Assignment —
The records below are to be repeated exactly, minus any pictures.

Exercise data —

....................

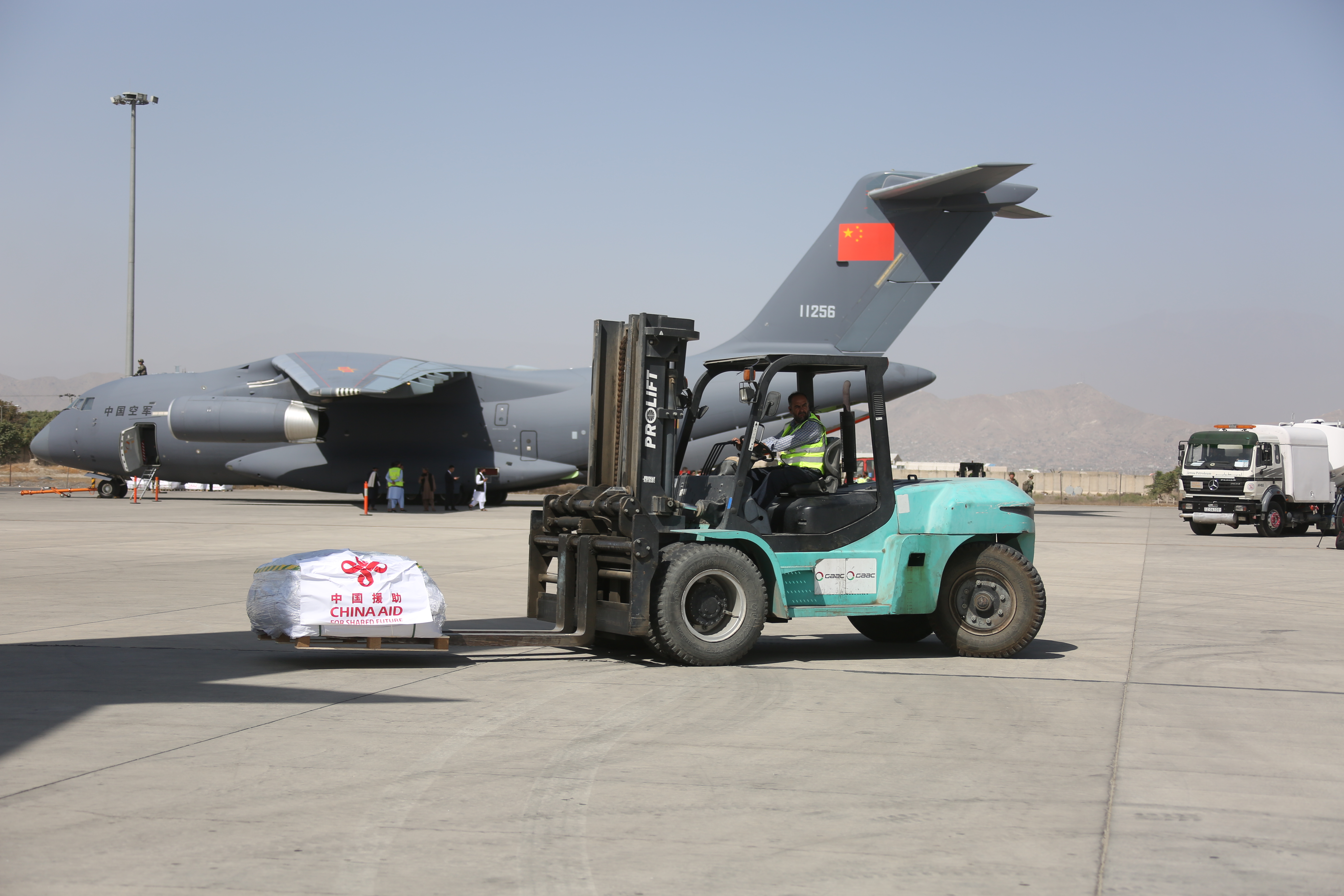 9月7日,在阿富汗喀布尔,工作人员运送从中国空军运-20飞机上卸载的援助阿富汗救灾物资。
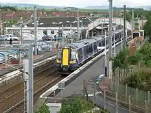![]() Overview of Kilwinning railway station. The Ayr platforms are on the right but the Largs/Ardrossan platforms are to the left. | |
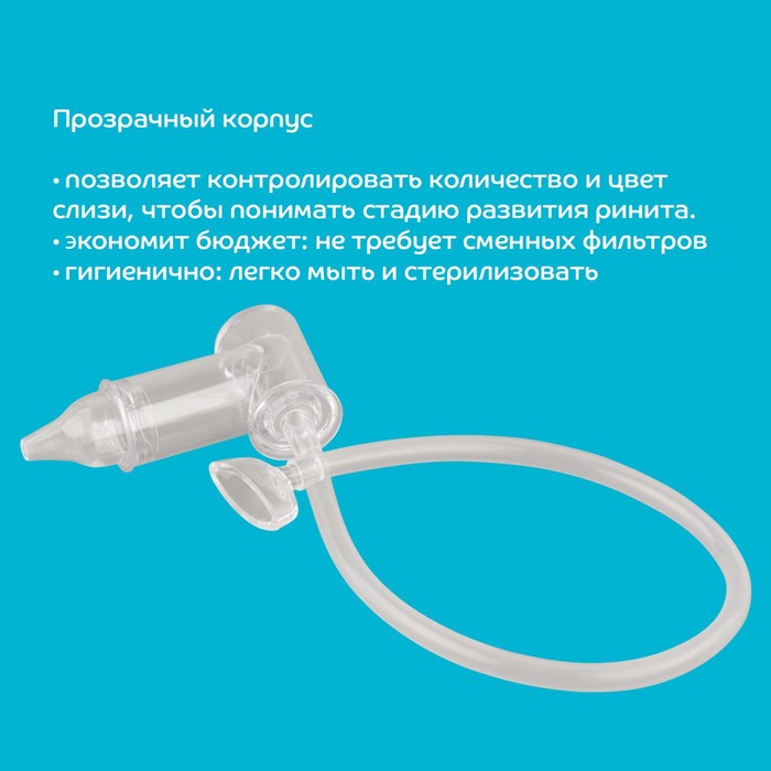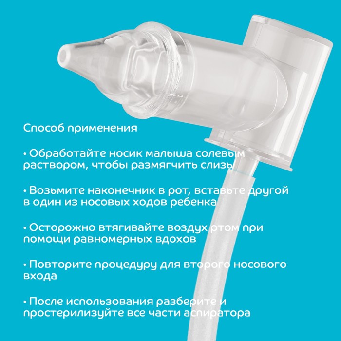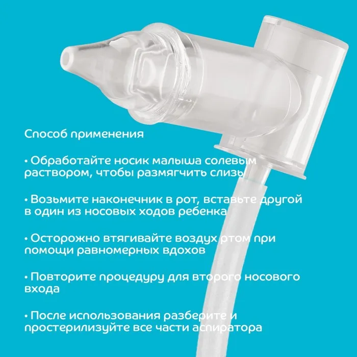 Аспиратор помогает очистить нос ребенка от слизистых выделений и облегчить дыхание. Прост в использовании и может применяться с самого рождения. Расширенное основание кончика аспиратора препятствует глубокому проникновению. Конструкция аспиратора позволяет регулировать интенсивность откачивания и исключает попадание слизи в рот взрослого.
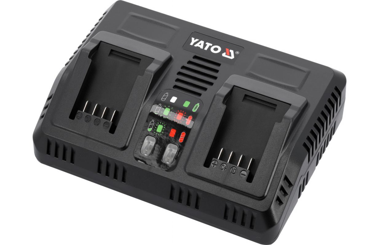 Быстрое двойное зарядное устройство для всех системных аккумуляторов YATO 18 В. Встроенная система тестирования эффективности и температуры батареи обеспечивает срок службы батареи. Он не начинает заряжаться, когда элементы слишком горячие. Аккумулятор, хранящийся при отрицательной температуре, начинает заряжаться, когда аккумулятор достигает температуры выше +5 градусов по Цельсию.
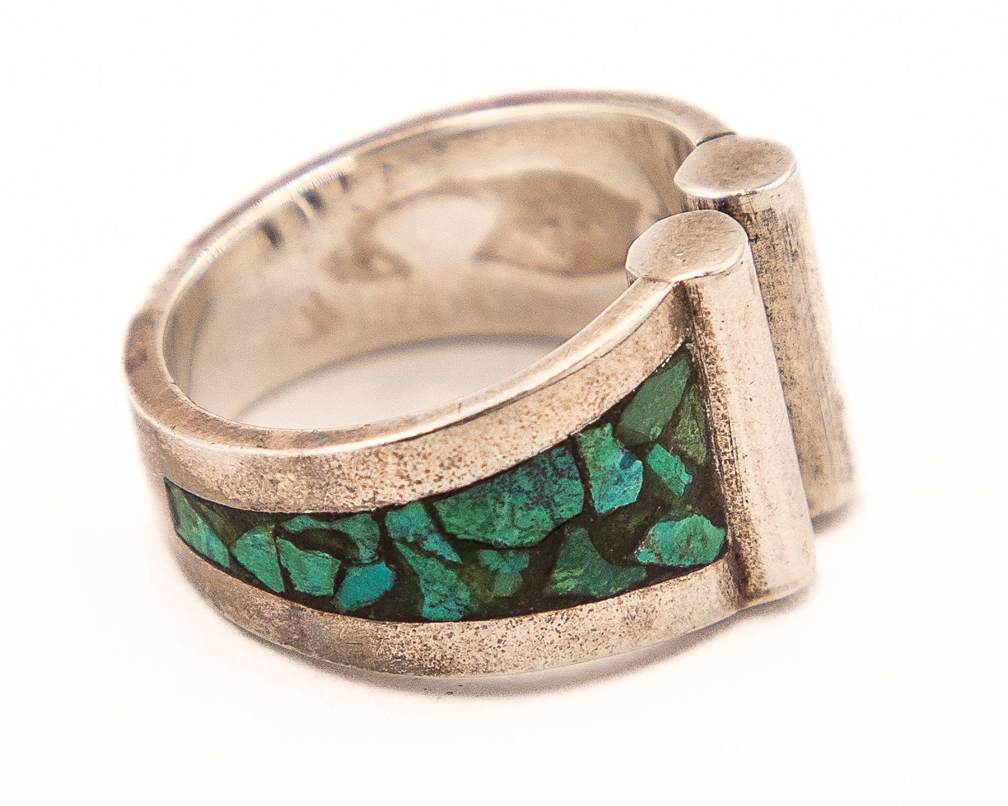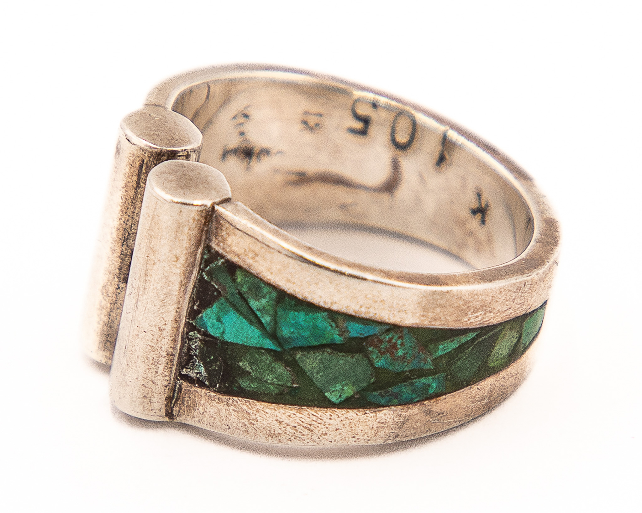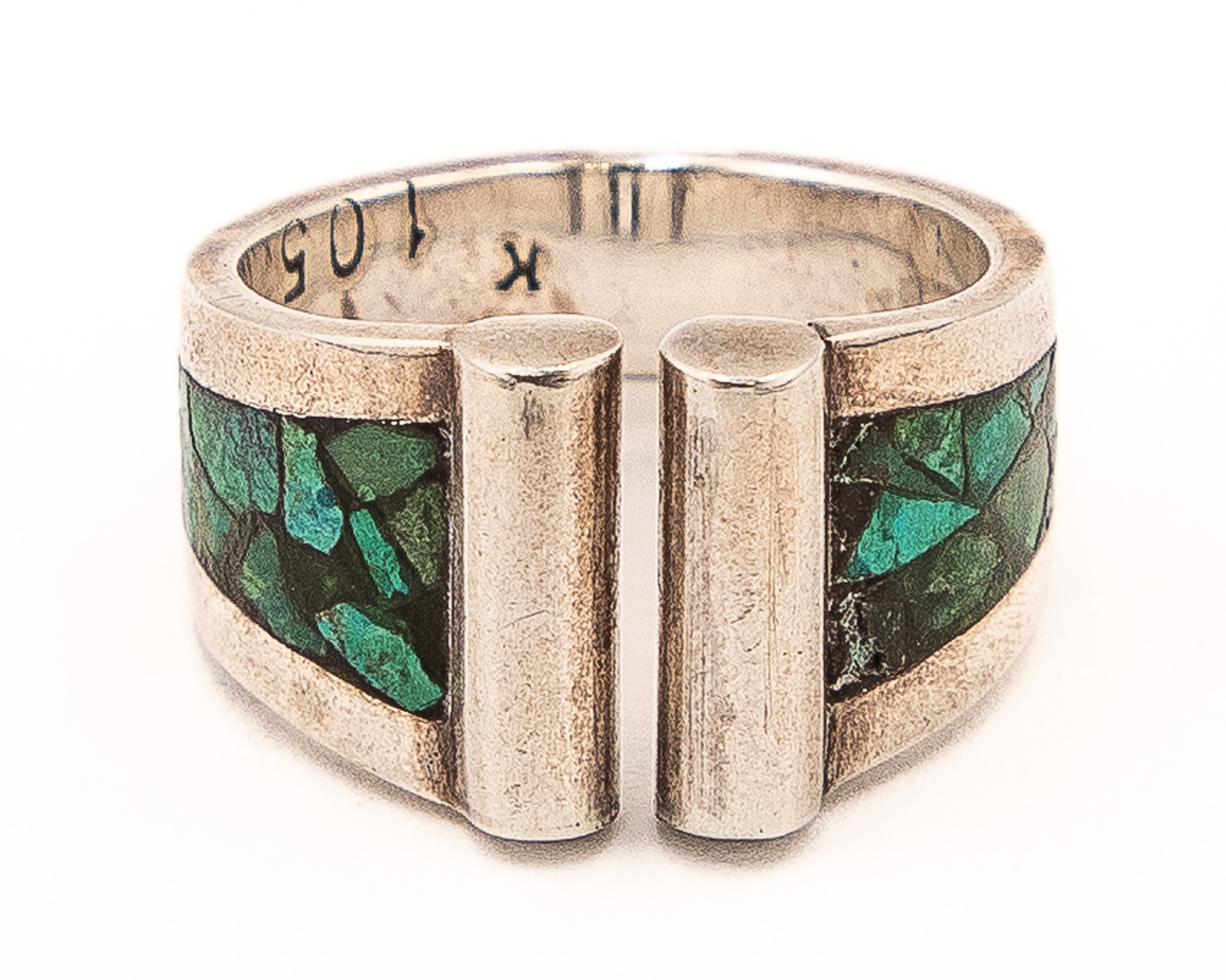 Signed K maybe Kathy Secataro Crushed Green Turquoise Sterling Ring As Is Sz. 9, 8.5g-105 stamped-Chips in stone As is
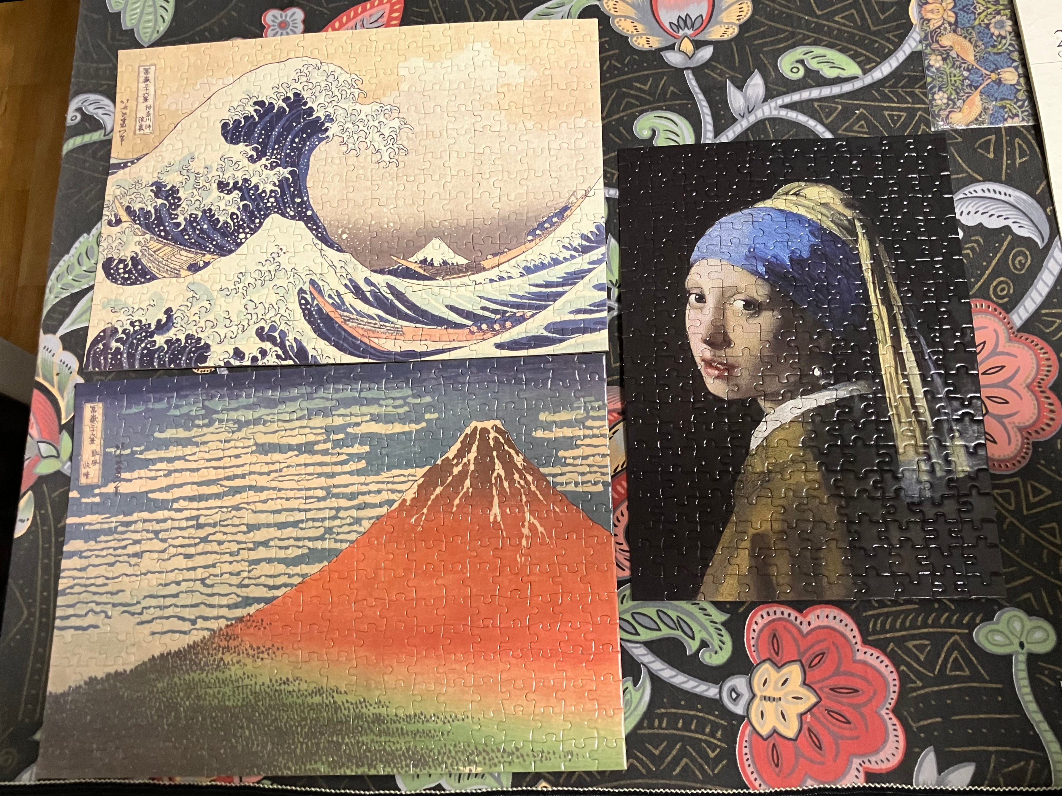 これ、どれも難易度が高そうですよね! 特に『真珠の耳飾りの少女』の背景の真っ黒な部分や、北斎の空のグラデーション……。これを完成させるのは相当な根気が必要だったはずです。捨てるにはあまりにも惜しい「執念の結晶」ですね。
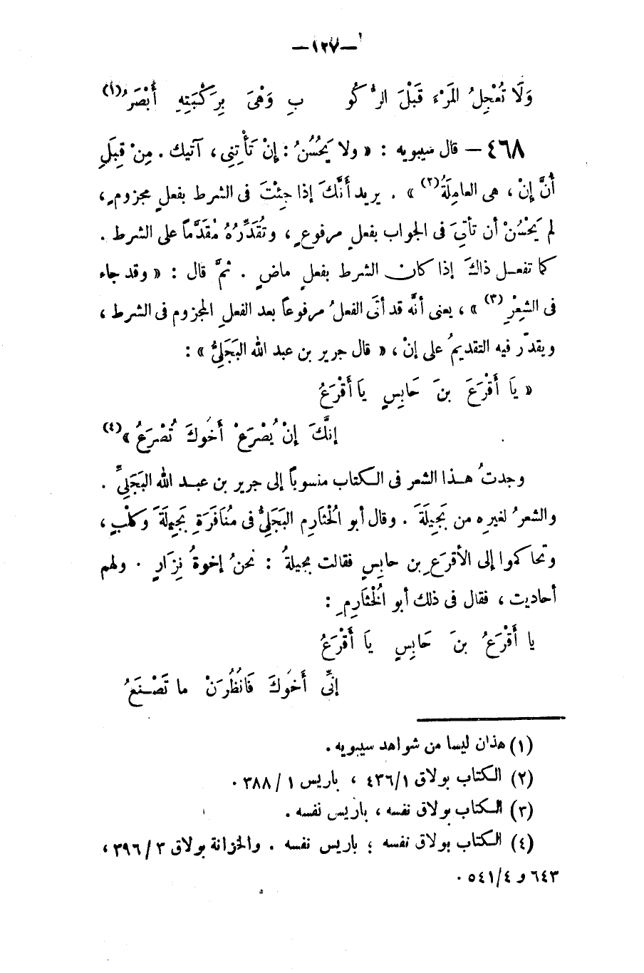 يريد أنك إذا جئت في الشرط بفعل مجزوم، لم يحسن أن تأتي في الجواب بفعل مرفوعْ وتقدره مقدماً على الشرط، كما يُفعل ذلك إذا كان الشرط بفعل ماض. ثم قال: (وقد جاء في الشعر) يعني أنه قد أتى الفعل مرفوعاً بعد الفعل المجزوم في الشرط، ويقدَر فيه التقديم على (إنْ) (قال جرير بن عبد الله البَجَلي).
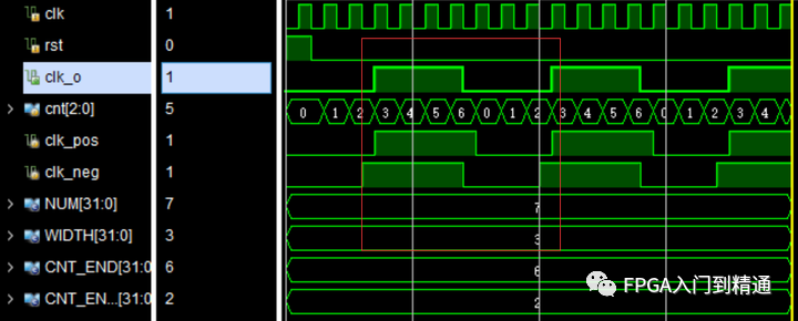 從圖中看出,輸出了7分頻時鐘信號,與預(yù)期一致。
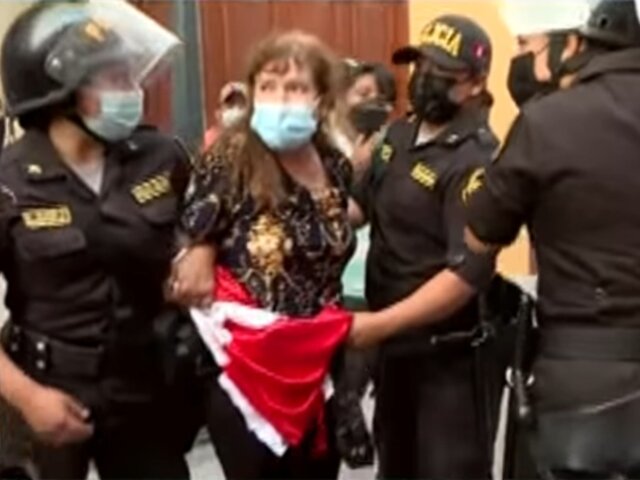 La exministra de mujer, Nidia Vílchez, quien se encontraba en la marcha y que terminó en el piso tras un alboroto, señaló que la adulta mayor y el joven tendrán que permanecer detenidos injustificadamente hasta que llegue la fiscal de turno para tomar sus manifestaciones.
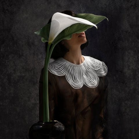In #27 In Pressure of Petals, kroppen hænger mellem opstigning og overgivelse. To lysende former rejser sig som vagter, og sætter deres tilstedeværelse i rummet, bøjer blikket, omskriver identiteten gennem en stille kraft. Det, der virker venligt, bliver til befaling; det, der ser ud som pynt, bliver til lov. Et portræt af lydighed forklædt som nåde.
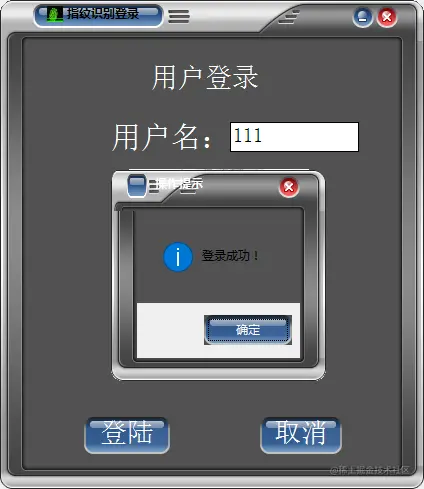 用户登录:输入注册时的用户名,使用注册时的指纹,即可登录成功。

....................

Output below —
 9月7日,在阿富汗喀布尔,工作人员运送从中国空军运-20飞机上卸载的援助阿富汗救灾物资。
![]() Overview of Kilwinning railway station. The Ayr platforms are on the right but the Largs/Ardrossan platforms are to the left. | |
 Аспиратор помогает очистить нос ребенка от слизистых выделений и облегчить дыхание. Прост в использовании и может применяться с самого рождения. Расширенное основание кончика аспиратора препятствует глубокому проникновению. Конструкция аспиратора позволяет регулировать интенсивность откачивания и исключает попадание слизи в рот взрослого.
 Быстрое двойное зарядное устройство для всех системных аккумуляторов YATO 18 В. Встроенная система тестирования эффективности и температуры батареи обеспечивает срок службы батареи. Он не начинает заряжаться, когда элементы слишком горячие. Аккумулятор, хранящийся при отрицательной температуре, начинает заряжаться, когда аккумулятор достигает температуры выше +5 градусов по Цельсию.
 Signed K maybe Kathy Secataro Crushed Green Turquoise Sterling Ring As Is Sz. 9, 8.5g-105 stamped-Chips in stone As is
 これ、どれも難易度が高そうですよね! 特に『真珠の耳飾りの少女』の背景の真っ黒な部分や、北斎の空のグラデーション……。これを完成させるのは相当な根気が必要だったはずです。捨てるにはあまりにも惜しい「執念の結晶」ですね。
 يريد أنك إذا جئت في الشرط بفعل مجزوم، لم يحسن أن تأتي في الجواب بفعل مرفوعْ وتقدره مقدماً على الشرط، كما يُفعل ذلك إذا كان الشرط بفعل ماض. ثم قال: (وقد جاء في الشعر) يعني أنه قد أتى الفعل مرفوعاً بعد الفعل المجزوم في الشرط، ويقدَر فيه التقديم على (إنْ) (قال جرير بن عبد الله البَجَلي).
 從圖中看出,輸出了7分頻時鐘信號,與預(yù)期一致。
 La exministra de mujer, Nidia Vílchez, quien se encontraba en la marcha y que terminó en el piso tras un alboroto, señaló que la adulta mayor y el joven tendrán que permanecer detenidos injustificadamente hasta que llegue la fiscal de turno para tomar sus manifestaciones.
In #27 In Pressure of Petals, kroppen hænger mellem opstigning og overgivelse. To lysende former rejser sig som vagter, og sætter deres tilstedeværelse i rummet, bøjer blikket, omskriver identiteten gennem en stille kraft. Det, der virker venligt, bliver til befaling; det, der ser ud som pynt, bliver til lov. Et portræt af lydighed forklædt som nåde.
 用户登录:输入注册时的用户名,使用注册时的指纹,即可登录成功。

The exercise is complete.